Exercise 17. Look through text C and say whether the information given in the text similar or different with text A . Say what is the difference.

Text C.

OXYGEN

Oxygen is the most abundant of the elements. It forms one-fifth, by volume, of the air: eight-ninths of the weight of water; and one-half of the total weight of all rocks. Oxygen was discovered in 1774 by Joseph Priestley who obtained it by heating mercuric oxide — a method no longer used because of its expense and its low yield. In industry oxygen is obtained by the fractional distillation of liquid air.

Oxygen is a colourless gas, odourless, when pure (the lab­oratory sample smells slightly of chlorine). It is denser than air and slightly soluble in water. (About 3 ml oxygen dissolve in 100 ml water under room conditions). Upon this slight solubility depends the breathing of all aquatic life.

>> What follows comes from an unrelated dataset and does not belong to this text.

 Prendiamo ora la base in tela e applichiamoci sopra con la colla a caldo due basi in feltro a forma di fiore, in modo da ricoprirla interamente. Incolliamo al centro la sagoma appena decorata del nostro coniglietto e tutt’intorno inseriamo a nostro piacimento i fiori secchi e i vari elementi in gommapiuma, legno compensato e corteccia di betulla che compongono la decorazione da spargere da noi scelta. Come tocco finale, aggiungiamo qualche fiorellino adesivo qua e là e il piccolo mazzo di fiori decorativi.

Oxygen is neutral to litmus, doesn't burn but supports combustion vigorously. The main uses of oxygen depend upon its ability to support life through respiration. Oxygen is used to enrich the air blast during the production of iron from ore in the blast-furnace and the conversion of iron into steel. This produces a higher furnace temperature, an increased yield of iron and steel, and a purer product. Burning appa­ratus fed with oxygen and acetylene will give a flame with a temperature of about 3,000°C. This flame will melt steel easily. It is used in engineering for welding metal sections together. For small works and factories cylinders of compres­sed oxygen are most convenient. In engineering works and shipyards where larger quantities of oxygen are used liquid oxygen is delivered and stored in spherical insulated tanks.

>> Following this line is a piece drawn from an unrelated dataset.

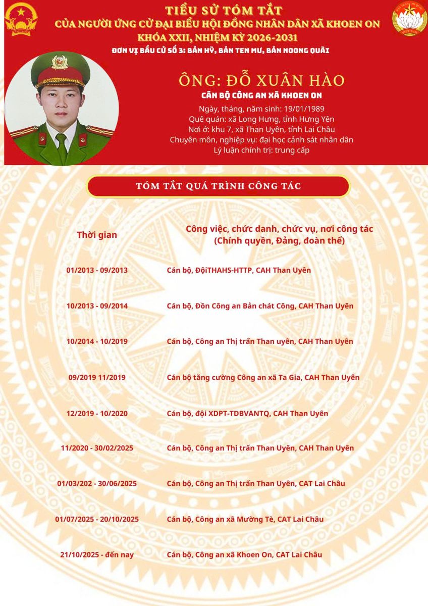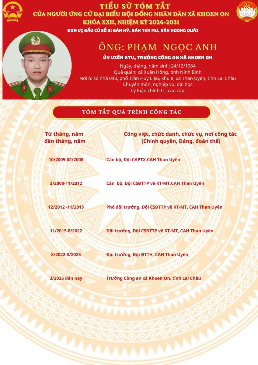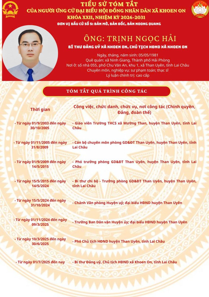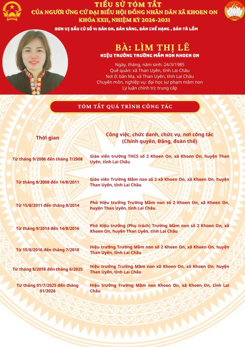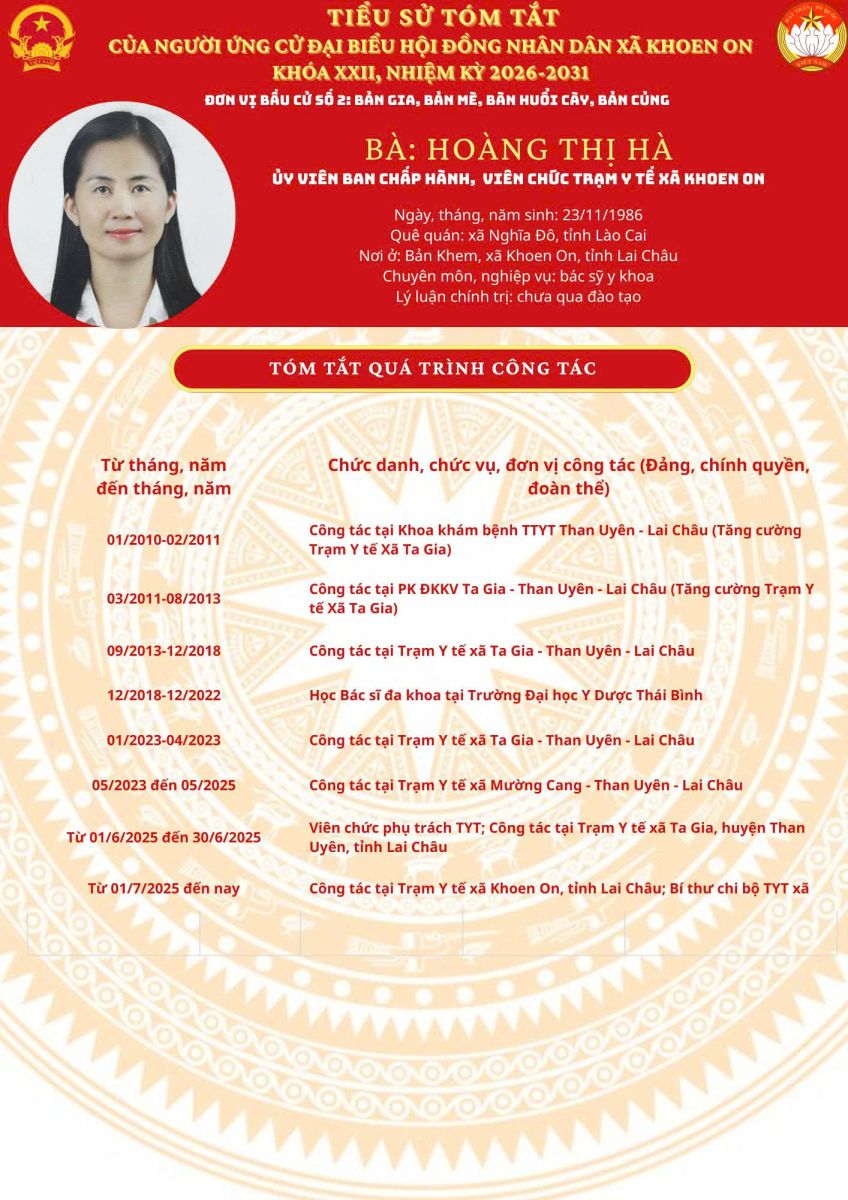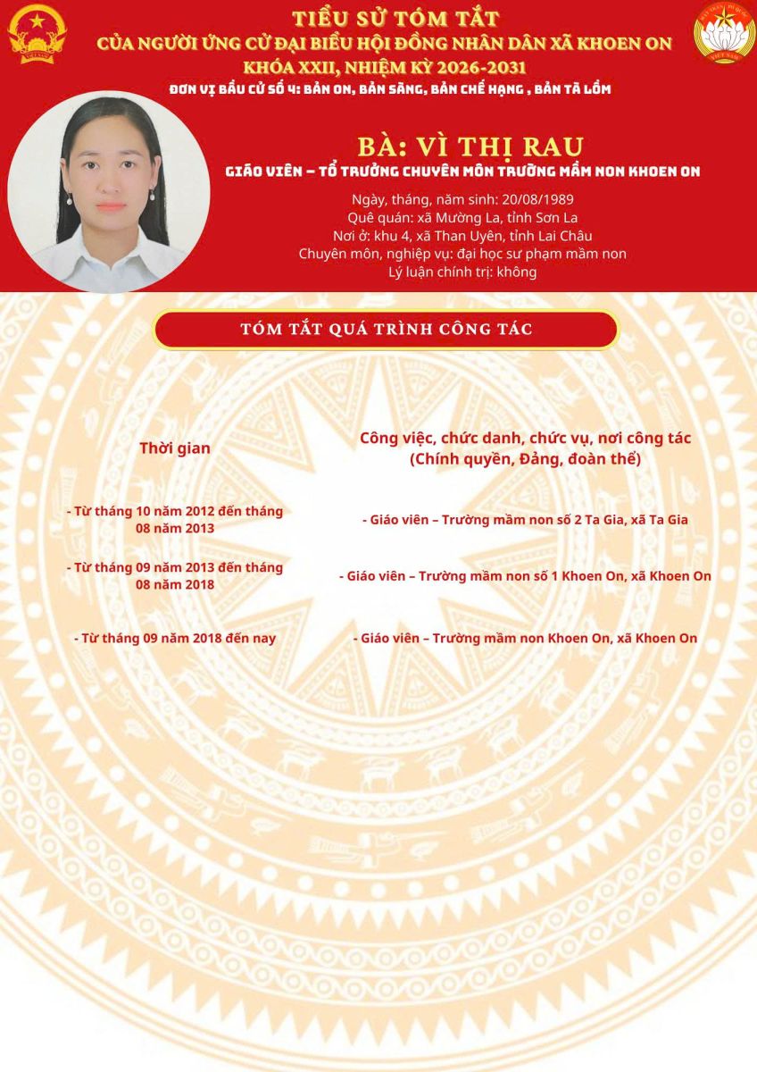 TIỂU SỬ TÓM TẮT NGƯỜI ỨNG CỬ ĐẠI BIỂU HĐND XÃ KHOEN ON KHÓA XXII, NHIỆM KỲ 2026–2031 THEO TỪNG ĐƠN VỊ BẦU CỬ

The oxygen evaporates from these and the gaseous oxygen is piped to the work sites.

Breathing apparatus in which oxygen supplied by a cyl­inder of compressed gas is inhaled through a face-mask is used by airmen and mountain climbers at high altitudes, by divers, miners in rescue teams, by firemen entering smoke-filled buildings, and by hospital patients whose breathing is feeble.

Exercise 18. Do you know that:

  • the human body is over 60 per cent oxygen?

  • water is nearly 89 per cent oxygen?

  • in 1774 an English chemist Joseph Priestley pre­pared oxygen by heating red oxide of mercury?

  • at about the same time a Swedish apothecary Scheele also prepared oxygen by this method?

— oxygen changes to a liquid when cooled to —183°C?

— oxygen is supposed to appear in the atmosphere as a result of secondary processes, e.g. the vital processes of green plants?

Exercise 19 .Discussion points :

1.The main properties of oxygen .

2. The application of oxygen .

3. The main kinds of hydrogen .

Supplementary reading Text d. The story of oxygen

It is very easy in this modern age to accept, without much ap­preciation, valuable work which was done quite a long time ago. Two men stand out for their pioneer work on air and oxygen. One was English, Joseph Priestley; the other was French, Antoine Lavoisier.